5G目前頻段可分為6GHz以下的Sub-6，以及高頻段毫米波(Millimeter Wave)兩種類型，毫米波的高頻段可以增強行動頻寬，但是傳輸損耗強，以後毫米波基地台尺寸較小，覆蓋範圍小，因此得靠布建更多基地台來解決，使毫米波微型基站的成本與複雜度成為一重要的議題。
在本論文中提出以偏振態多工(polarization division multiplexing, PDM)與波長複用(wavelength reuse)來實現一雙向的無偏振態追蹤光纖無線整合系統，
因為下行的資料量需求較大，所以使用了偏振態多工與28GHz的毫米波無線傳輸，偏振態多工可以在同樣的頻譜資源下傳遞兩倍的訊號，但是，解偏振態通常需要使用較複雜的技術，例如偏振態追蹤(polarization tracking)和多輸入多輸出(multi-input multi-output, MIMO)偏振態估計，前者需要適應性的偏振態追蹤系統，後者需要在兩偏振訊號上傳送訓練訊號，而且不是每個偏振態旋轉狀態都能把訊號解回來。基於實驗室之前的研究，使用光學濾波器來解偏振態多工，並使用類似序列干擾刪除(successive interference cancellation, SIC)的方法，降低系統對於光學濾波器的依賴性。
上行重新使用了下行的資源，透過使用了兩偏振態正交的光載波來達到偏振態無感的上傳機制，由於上行資料量需求較小，無線傳輸的部分使用了3.5GHz的頻段。實驗下行分別做了Back-to-back及25公里單模光纖還有3公尺的毫米波無線傳輸，而上行分別在Back-to-back及25公里單模光纖的情況下傳輸。透過
這樣的系統架構，使毫米波微型基地台降低了成本與複雜度，且符合5G的規格，讓此系統有機會應用在未來5G世代中。

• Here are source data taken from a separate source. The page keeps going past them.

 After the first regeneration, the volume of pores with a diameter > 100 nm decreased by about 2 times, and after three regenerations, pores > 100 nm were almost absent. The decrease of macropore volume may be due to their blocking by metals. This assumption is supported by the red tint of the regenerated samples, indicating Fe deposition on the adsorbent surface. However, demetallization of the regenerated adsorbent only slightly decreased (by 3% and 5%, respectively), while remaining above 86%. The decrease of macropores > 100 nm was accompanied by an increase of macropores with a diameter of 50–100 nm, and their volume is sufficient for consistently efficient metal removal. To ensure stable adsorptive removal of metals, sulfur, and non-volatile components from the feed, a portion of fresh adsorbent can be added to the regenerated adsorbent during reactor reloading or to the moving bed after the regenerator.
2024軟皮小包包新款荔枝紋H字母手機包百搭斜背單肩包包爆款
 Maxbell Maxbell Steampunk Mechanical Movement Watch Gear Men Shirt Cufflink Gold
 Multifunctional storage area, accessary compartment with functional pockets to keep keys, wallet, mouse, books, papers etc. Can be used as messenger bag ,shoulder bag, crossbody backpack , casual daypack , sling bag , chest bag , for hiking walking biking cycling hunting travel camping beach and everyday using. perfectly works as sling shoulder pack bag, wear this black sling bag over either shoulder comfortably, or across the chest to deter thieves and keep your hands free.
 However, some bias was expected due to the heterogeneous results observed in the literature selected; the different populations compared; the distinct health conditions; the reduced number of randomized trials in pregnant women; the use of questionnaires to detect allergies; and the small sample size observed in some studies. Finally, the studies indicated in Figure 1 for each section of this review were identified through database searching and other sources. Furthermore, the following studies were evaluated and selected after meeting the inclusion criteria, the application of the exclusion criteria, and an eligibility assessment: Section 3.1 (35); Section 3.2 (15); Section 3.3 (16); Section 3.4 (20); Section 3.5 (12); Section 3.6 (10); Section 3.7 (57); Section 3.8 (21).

5G frequency so far included sub-6 and millimeter wave. The transmission bandwidth can be enhanced due to the high frequency of millimeter wave. But it suffered from high transmission loss. In the future, MMW base station will have the characteristics of both small size and small coverage. Hence we need to construct more base station in this situation. It made the cost and complexity of MMW small call become an important issue.

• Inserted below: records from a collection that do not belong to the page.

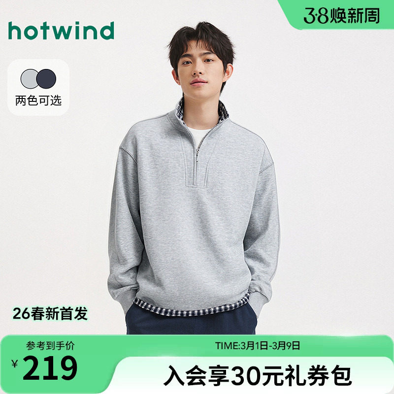 热风男士卫衣2026年春季新款立领格子拼色卫衣半拉连韩系内搭卫衣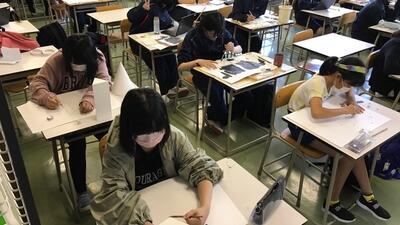 毎日の授業や放課後学習などで頑張ってきた成果を発揮して、真剣にテストに臨んでいます。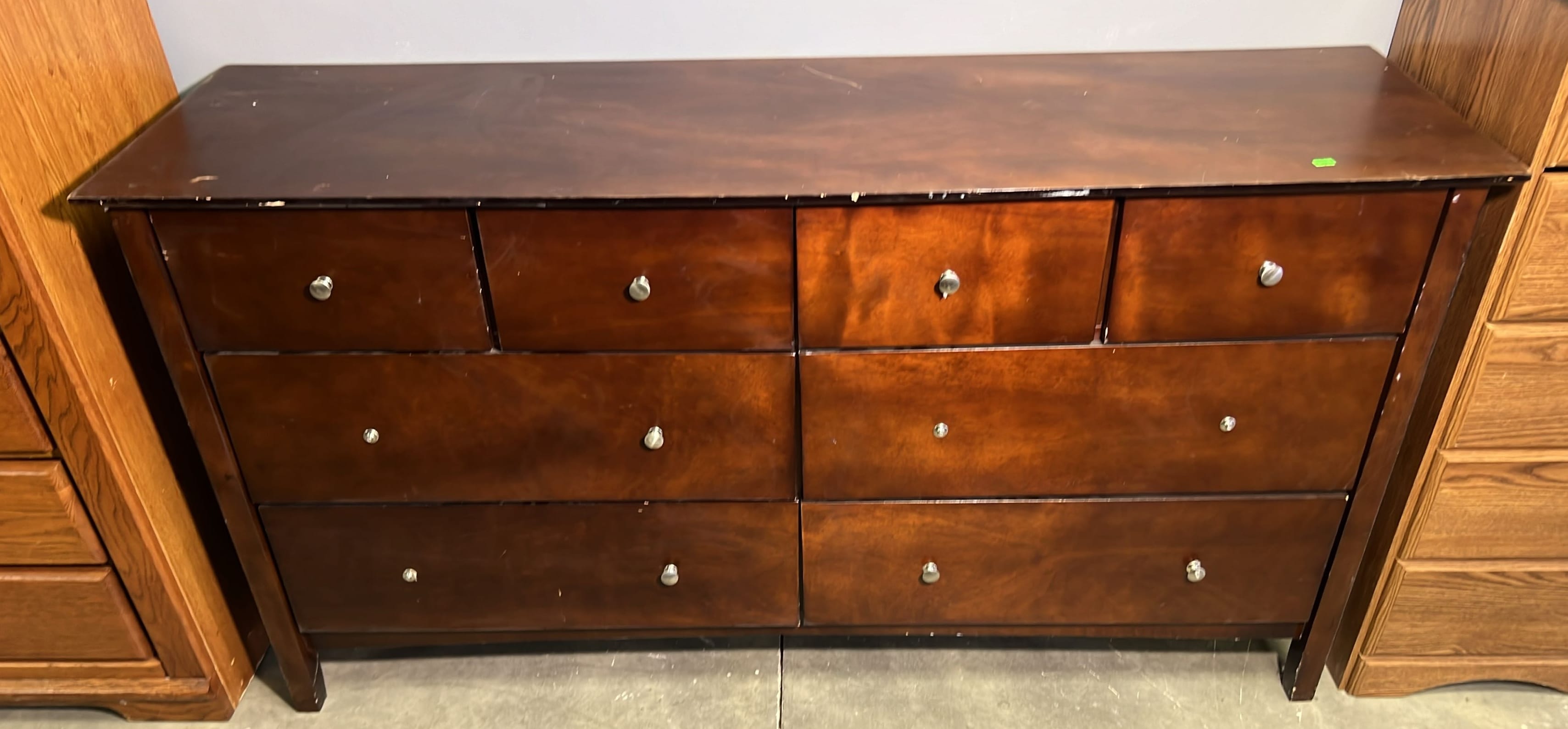 86 Dresser with Eight Drawers 63.5”x34.25”x17.75” (missing Four Drawer Pulls)

In this paper, we proposal a full-duplex polarization tracking free fiber-wireless integrated system for 5G MMW small cell base on polarization division multiplexing and wavelength reuse. Owing to the high demand of down link data capacity, PDM and millimeter wave wireless transmission in 28GHz was used. PDM was able to transmit double data in the same frequency range. However, it’s require complicated technique to implement PDM demultiplexing. Such as polarization tracking and MIMO estimation, The former need adaptive loop-based polarization tracking system m and latter had to transmit training data on two polarization. In addition, it can not successful decode the data in any polarization status. Base on previous research, we implemented polarization demultiplexing by using optical filter. Furthermore, we used a DSP that was kind of like successive interference cancellation to reduce the system’s dependance on optical filter.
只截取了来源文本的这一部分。